This package provides a REST API to the asmtransformers and its
ARM64BERT-embedding model,
bridging Ghidra to a search index to find similar functions in ARM64 binaries.
See sententia for the Ghidra plugin that uses this REST API to both add functions to the search index
and search for possible function names / labels based on vector similarity.
The citatio REST API takes 2 configuration options:
- The model to be used for embedding (currently, only
NetherlandsForensicInstitute/ARM64BERT-embeddingis supported); - The database to store both assembly and embeddings in (currently, only SQLite is implemented).
Both of these can be configured through environment variables:
CITATIO_MODEL: a local path or huggingface model name (though again, currently on theARM64BERT-embeddingmodel is supported);CITATIO_SQLITE_DATABASE: either:memory:or a local path to a SQLite database (will be created if it doesn't currently exist).

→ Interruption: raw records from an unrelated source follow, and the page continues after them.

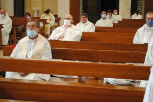 Com’è tradizione, ricordo alcune situazioni particolari, che affido alla preghiera comune: oltre monsignor Andrea Mugione e don Luigi Caturano, il Signore ha chiamato a Sé il p. Marcello Lucarelli OFM; ricordo poi, anzitutto, i sacerdoti ordinati nell’anno 2019, don Luca Cennerazzo, don Cosimo Iadanza, don Fabio Maria Atorino GAM. Inoltre, in quest’anno 2020 celebrano il loro anniversario di ordinazione don Pino Mottola, don Gaetano Santo Giuliano e p. Sabino Iannuzzi OFM (25 anni), così pure don Ermanno Ruocchio (50 anni). Sono presenti anche i nostri seminaristi: riguardo a loro, posso annunciare, per ora, che il 14 giugno prossimo Donato Della Pietra e Francesco Tranfaglia verranno ammessi tra i candidati a ricevere l’Ordine sacro.
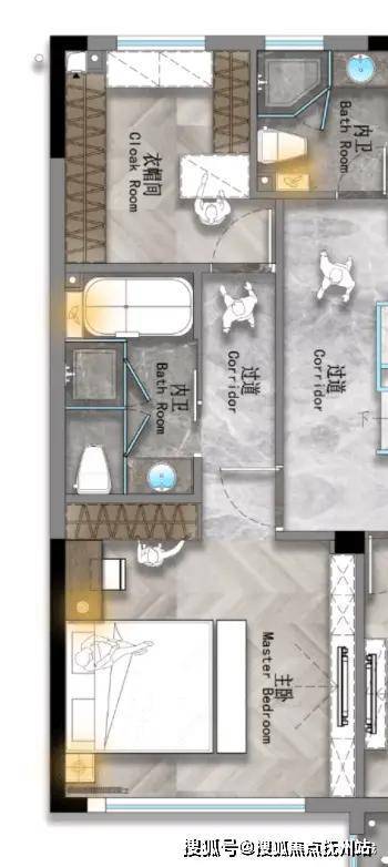 主卧是套房的格局,可以分割为卧室+L型衣帽间+大进深内卫的格局.
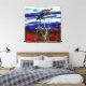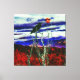 Num céu noturno com algumas nuvens está uma lua de cheio que é vermelha e ascensão sobre um conjunto de montanhas e colinas. Um corvo é empoleirado em um galho de uma árvore-passarinho-morto olhando para a floresta de árvores de folhas vermelhas. Trabalho de arte Copyright ©2018 Kimberly J Tilley.

The defaults for these values are NetherlandsForensicInstitute/ARM64BERT-embedding and :memory:,
resulting in a functioning but non-persistent service.
Note
After observing concurrency issues with SQLite and sqlite-vec, the REST API is currently served fully serialized and is consequently fairly slow.
We're expecting to be able to solve this by using PostgreSQL and pgvector.
Running the REST API service follows the default FastAPI command line setup,
where the application is available from the citatio module:
$ fastapi dev citatio # runs a development server
$ fastapi run citatio # runs a production server
See requirements for installation of citatio with its dependencies
(including fastapi and asmtransformers).
Both the development and production servers will host a Swagger documentation for the available API, though end users are encouraged to use the ready-made Ghidra plugin (sententia).
Python 3.12 or newer with SQLite version 3.35.0 or newer.
Installing this project locally can be done using pip:
$ python3 -m pip install .
For further development, this project uses PDM and pyproject.toml to manage dependencies.
See PDM's installation instructions to get started,
and subsequently call pdm install from the project's directory to automatically create a new virtual environment with dependencies.